You can get a holder at Radio Shack type stores and run it from rechargeable AA batteries also if you want to go that way.

http://www.radioshack.com/product/index.jsp?productId=2062242


----------



## aznflycaster (Jun 22, 2011)

I currently use a 12 lithium ion ryobi battery drill to power just my fish finder. I had the drill already so I use the batteries in the drill around the house then charge them for the river. The 2 small batteries will power the unit for around 16 to 18 hrs.


----------



## EON (Jun 29, 2011)

I'm using the 7 pnd batt from Batterymart.  I'd like something lighter but I can get 2+ full days off a full charge.


----------



## Nitram4891 (Jul 1, 2011)

In a rush I bought two 6 volt lantern batteries from walmart and connected them in series.   They haven't run out yet but when they do I will be looking for something more permanent.


----------



## chipperdog (Jul 4, 2011)

get you a 9 hr battery out of emergency lighting set  up with the low amps have used it three days no trouble weighs less than 2 lbs


----------



## flyfish101 (Jul 20, 2011)

I rigged kayaks for Gander Mountain for fishing and used a 12 volt rechargable game feeder battery.

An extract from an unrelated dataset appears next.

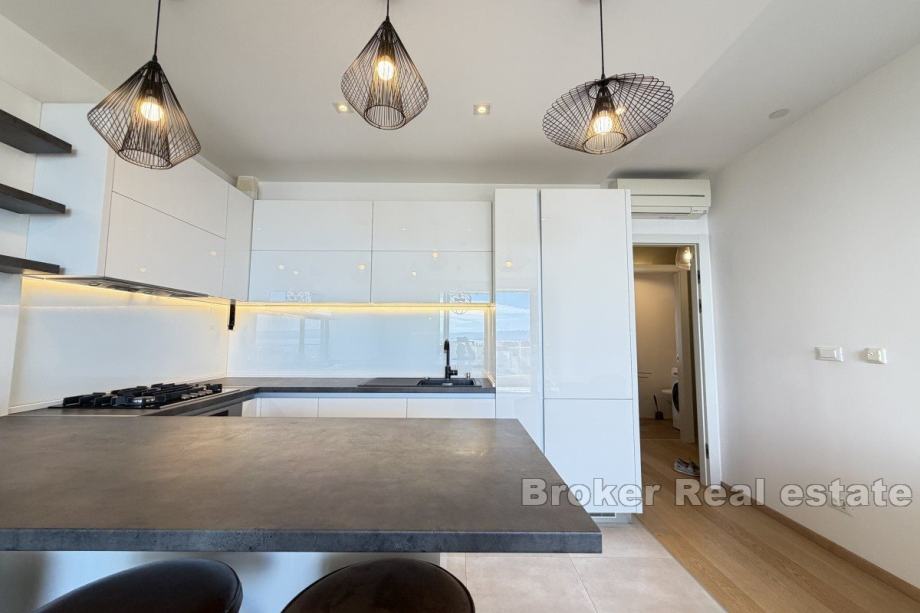 Stan je svijetao i prozračan, s idealnom sjeverno-južnom orijentacijom, a južna strana pruža otvoren pogled na more i izlaz na prostranu lođu od oko 10 m², savršenu za odmor i uživanje u pogledu.

It works very well and is what I use on my Ocean Kayak prowler 13. I do not have to charge very often even though I use the kayak a lot.


----------



## breampole (Jul 21, 2011)

I use a sealed lead acid battery I bought on the internet.  It may weight a couple of lbs.  About 2.5 inches wide 7 inches long and maybe 3.5- 4 inches high.   Gander mountain has a "kit" for 49.99 with free shipping.  It has 7a 12 volt battery like the one I have with abs plastic case and charger.  They also have the batteries either sealed lead acid or gel for $24+ change.  Everything at Gander ships free.


----------